Two Paths Diverged… (TBR: Farthing)
July 18th, 2007Jenny Davidson at Light Reading recommended Farthing by Jo Walton, so I picked it up at the library. It’s a classic English country manor mystery, with the twist that it’s set in an England where the Hess mission was successful and England has made peace with Nazi Germany. It’s a clever twist that pumps fresh air into a somewhat stale genre, and Walton does a nice job with it. Nothing spectacular, but a good read. The politics (warning of how fragile democracy can be) are a bit heavy handed, but certainly timely.
Davidson explicitly links Farthing with some other recent, more literary alternate histories — The Plot Against America and The Yiddish Policeman’s Union.
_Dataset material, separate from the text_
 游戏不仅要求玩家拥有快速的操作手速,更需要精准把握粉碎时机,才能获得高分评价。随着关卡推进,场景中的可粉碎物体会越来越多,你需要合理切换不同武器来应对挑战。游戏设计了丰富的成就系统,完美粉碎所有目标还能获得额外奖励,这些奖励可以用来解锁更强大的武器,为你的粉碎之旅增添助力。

Of the three, I think Plot is probably the best, not as clever as YPU, but better executed. But the comparison set me thinking about alternate histories, and wondering about a) why alternate histories are often considered a subgenre of science fiction and b) why so many of them take WWII as the point of divergence. So that’s really what I want to write about.
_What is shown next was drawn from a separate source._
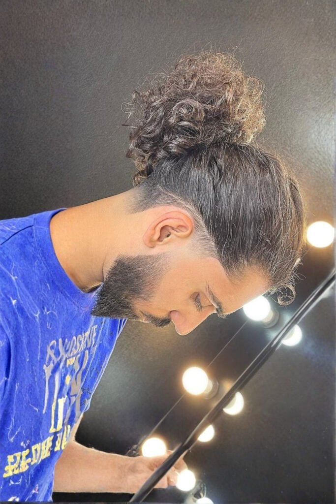 This style blends bold men’s hairstyle confidence with modern samurai hair inspiration, perfect for guys with square or oval faces and wavy hair. Style with matte clay and sea-salt spray. Pair with a Van Dyke beard for contrast.

I think the main reason that alternate histories are often considered sci-fi is that the authors who write them are often primarily associated with sci-fi, with Philip K. Dick as an early example and Harry Harrison as a more recent example. My personal judgment is that if an alternate history story involves time travel or movement between parallel universes, it qualifies as sci-fi, but otherwise it’s probably not.
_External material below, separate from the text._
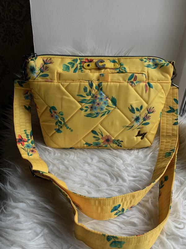 Яскрава сумочка 21x31 см, дно 8 см, ремінь регулюється 150 см (ширина 4 см). Спереду кишенька, ззаду кишенька на застібці. Один основний відділ на застібці, усередині відділи для карток і гачок для ключів. Стан загалом ідеальний, спереду є незначні цятки ( фото 9-10), на носіння не впливає.
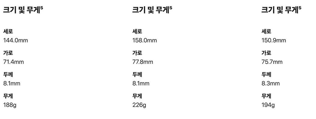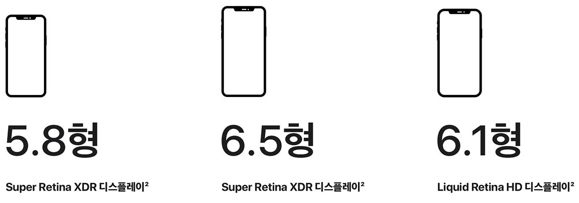 다음으로 중요하게 생각하실만한 액정사이즈는 왼쪽부터

In looking up links for this post, I ran across the wonderful listing of alternate histories, ordered by the data of their convergence, at UChronia.net. This list, which includes essays and newspaper articles as well as fiction, suggests the divergence points are more evenly spread out than my subjective impressions would have led me to conclude, but I still think that most of the memorable alternate histories I’ve read diverge either at World War II or at the Civil War. Those are times when the course of history clearly changed — and mostly for the good. As a rule, writers are far more interested in divergences where things could have gone horribly awry than in divergences where things could have gone right for a change. In alternate histories, even when good things happen — Lincoln survives the assassinated attempt — they turn out to have horrible consequences.
I don’t think it’s because writers are inherently cynical, but it’s hard to turn things going right into a story. Let’s say those chads didn’t hang, and Gore was elected in 2000. I think 9/11 would still have happened. I could write a story in which the US didn’t invade Iraq and Hussein was still in power but we captured Bin Ladin somewhere in Afghanistan and the government had a reasonable response to Katrina, but unless there’s some ironic twist somewhere, this may be good propaganda, but not much of a story.